## Data records:
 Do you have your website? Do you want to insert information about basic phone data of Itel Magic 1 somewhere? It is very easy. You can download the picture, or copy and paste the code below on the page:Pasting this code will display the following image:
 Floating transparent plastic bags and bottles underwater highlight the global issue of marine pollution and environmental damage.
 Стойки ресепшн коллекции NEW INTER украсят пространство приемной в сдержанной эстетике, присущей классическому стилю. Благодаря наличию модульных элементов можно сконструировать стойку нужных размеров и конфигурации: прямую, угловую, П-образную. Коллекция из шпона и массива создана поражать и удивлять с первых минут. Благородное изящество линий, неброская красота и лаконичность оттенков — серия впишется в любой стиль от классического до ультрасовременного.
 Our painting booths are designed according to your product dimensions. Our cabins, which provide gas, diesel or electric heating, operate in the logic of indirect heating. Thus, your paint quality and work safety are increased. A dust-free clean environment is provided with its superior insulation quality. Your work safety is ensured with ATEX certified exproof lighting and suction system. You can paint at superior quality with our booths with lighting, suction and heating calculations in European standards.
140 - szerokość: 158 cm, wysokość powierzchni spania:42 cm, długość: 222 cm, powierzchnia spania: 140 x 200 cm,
...
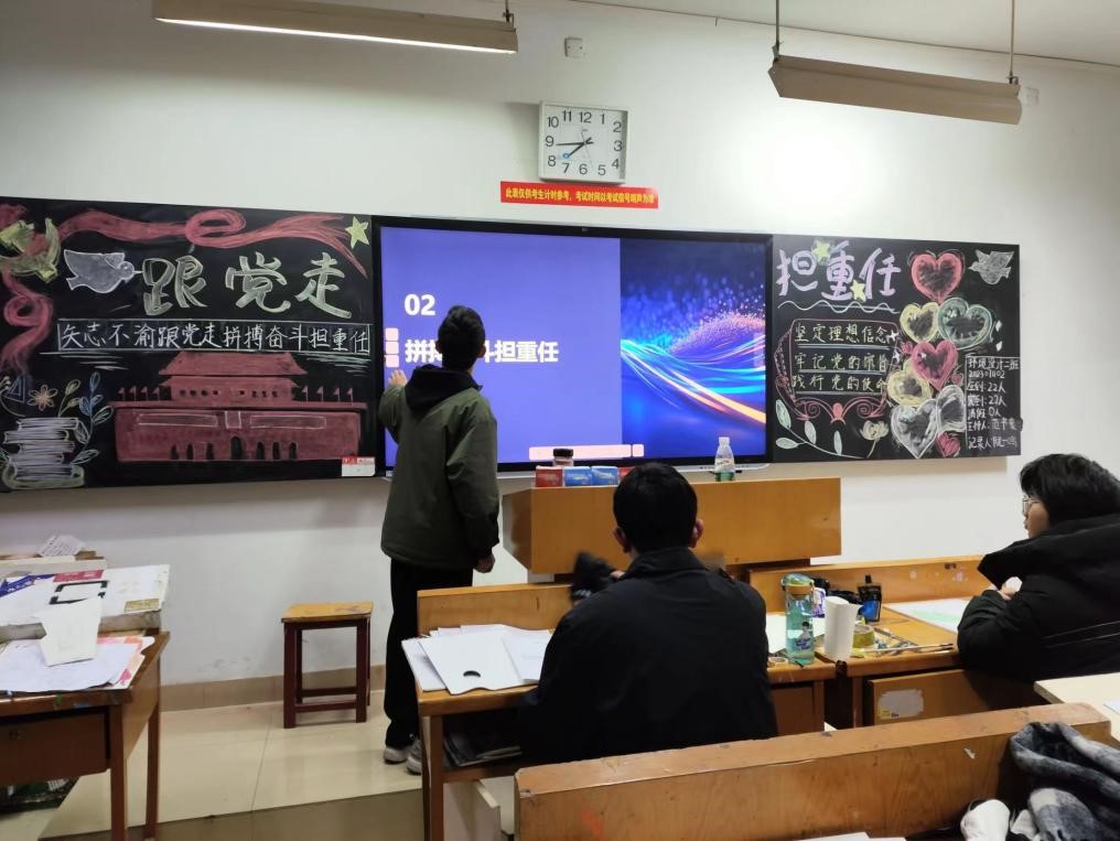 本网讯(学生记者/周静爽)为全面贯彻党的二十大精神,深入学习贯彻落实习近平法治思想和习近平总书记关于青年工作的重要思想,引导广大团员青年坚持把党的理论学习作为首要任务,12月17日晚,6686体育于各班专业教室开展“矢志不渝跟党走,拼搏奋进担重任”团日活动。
* * *
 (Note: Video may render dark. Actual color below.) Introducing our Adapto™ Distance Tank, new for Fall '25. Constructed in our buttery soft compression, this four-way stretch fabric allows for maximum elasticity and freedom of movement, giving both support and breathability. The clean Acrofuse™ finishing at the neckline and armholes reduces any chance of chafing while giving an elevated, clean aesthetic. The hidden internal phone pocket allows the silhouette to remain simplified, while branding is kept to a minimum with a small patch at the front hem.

## Instructions to follow:
Write out, from the lines above, only those from the line with "Do you have" to the line with "Floating transparent plastic", exactly as given, including the first and the last.

## Exercise result:
 Do you have your website? Do you want to insert information about basic phone data of Itel Magic 1 somewhere? It is very easy. You can download the picture, or copy and paste the code below on the page:Pasting this code will display the following image:
 Floating transparent plastic bags and bottles underwater highlight the global issue of marine pollution and environmental damage.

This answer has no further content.